One day the entire poor families of the village went to the Block Office and insisted the Block Development Officer rectify the BPL list of the village, incorporate the real poor people in the list and issue the BPL cards on the same day. While BDO tried to ignore their demand, the people protested and warned that if the things are not sorted out on the same day they would not leave the Block Office and would not go back to their village. Even then the BDO did not pay any attention to their demand.

Then the people lost their patience, because in one hand they had sacrificed their day's wages and on the other hand the non-receptive and complete ignoring attitude of the BDO had raged the demonstrating villagers and in retaliation they locked the BDO and all other officials in their office. All the villagers sat on 'Dharna', or sit-in, blocking the front main entrance to the Block Office and stopping anyone coming in or leaving. Immediately, the Police had to come and intervene.

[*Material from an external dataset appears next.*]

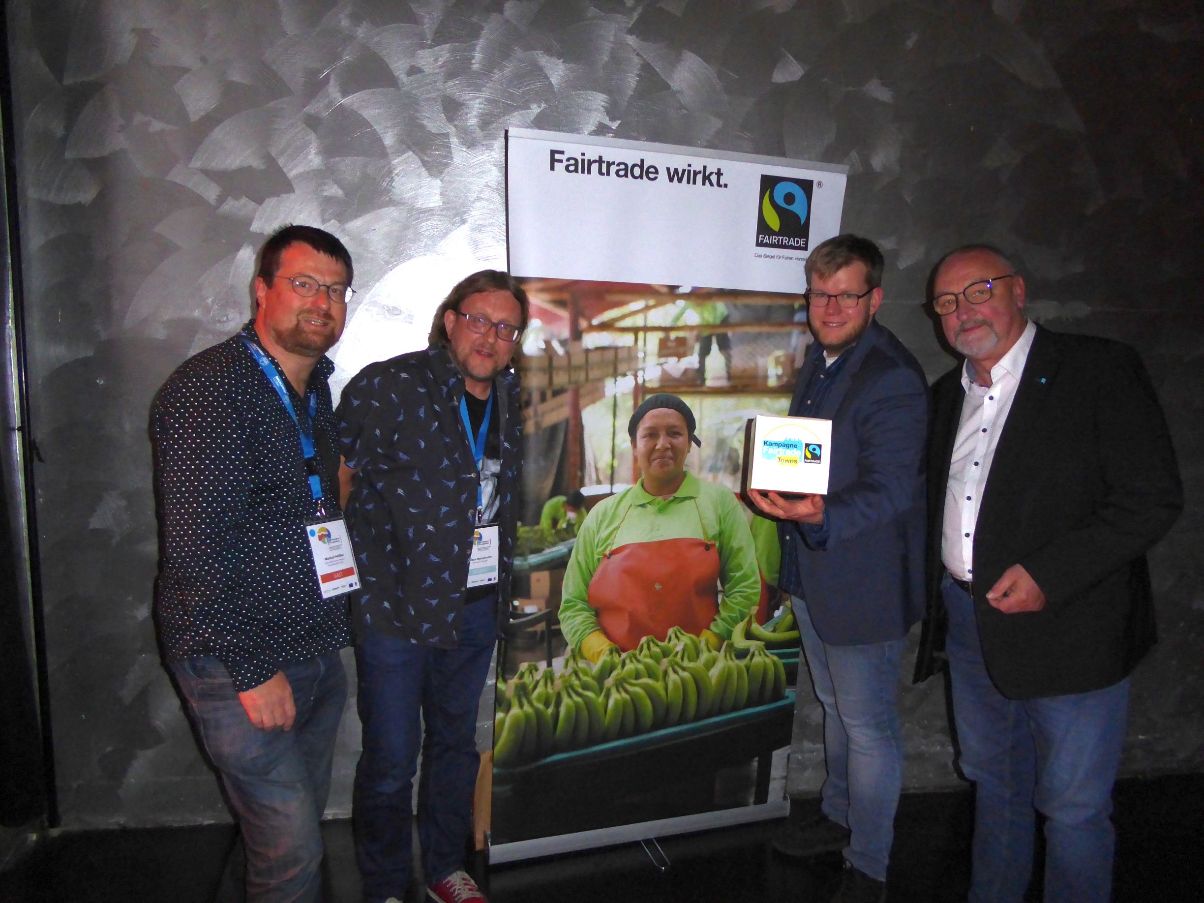 Bei der Jubiläumsfeier zum zehnjährigen Bestehen der Kampagne Fairtrade-Towns wurde die Fairtrade-Stadt Castrop-Rauxel vor großem Publikum geehrt. Der stv. Bürgermeister Hans-Hugo Kurrek stellte auf der großen Bühne im Kölner E-Werk im Gespräch mit Moderatorin Enie van de Meiklokjes die Aktivitäten zum Fairen Handel in Castrop-Rauxel vor.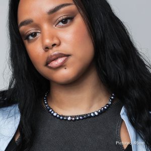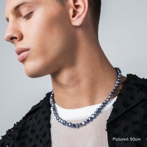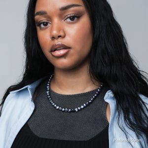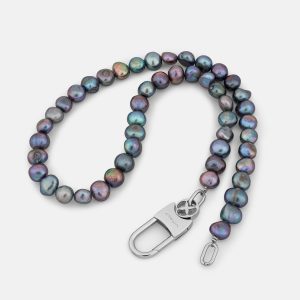 The Midnight features synthetic purple Edison pearls that shimmer with a lustrous. iridescent finish. Each pearl is unique. ranging from light blue to dark purple. giving the effect of a sky at dusk. Finished with our signature Glyph carabiner clasp.

The message passed on to the District Collector and the Collector issued instructions for taking immediate action. Accordingly, the BDO without having any options left for him took the initiative and on the same day the BPL list was rectified. The enlisted names of the well off families were deleted from the list and the real poor families were incorporated. On the same day itself the BPL cards were issued to the newly enlisted members in the BPL list.


Sharing and inspiring others: This has become a pathfinder for many other Reflect Circles in the District. And actions have been incessantly initiated by the Reflect Participants taking on issues with the local administration not only in case of BPL scheme but also for so many other issues that have been identified through the MLP process.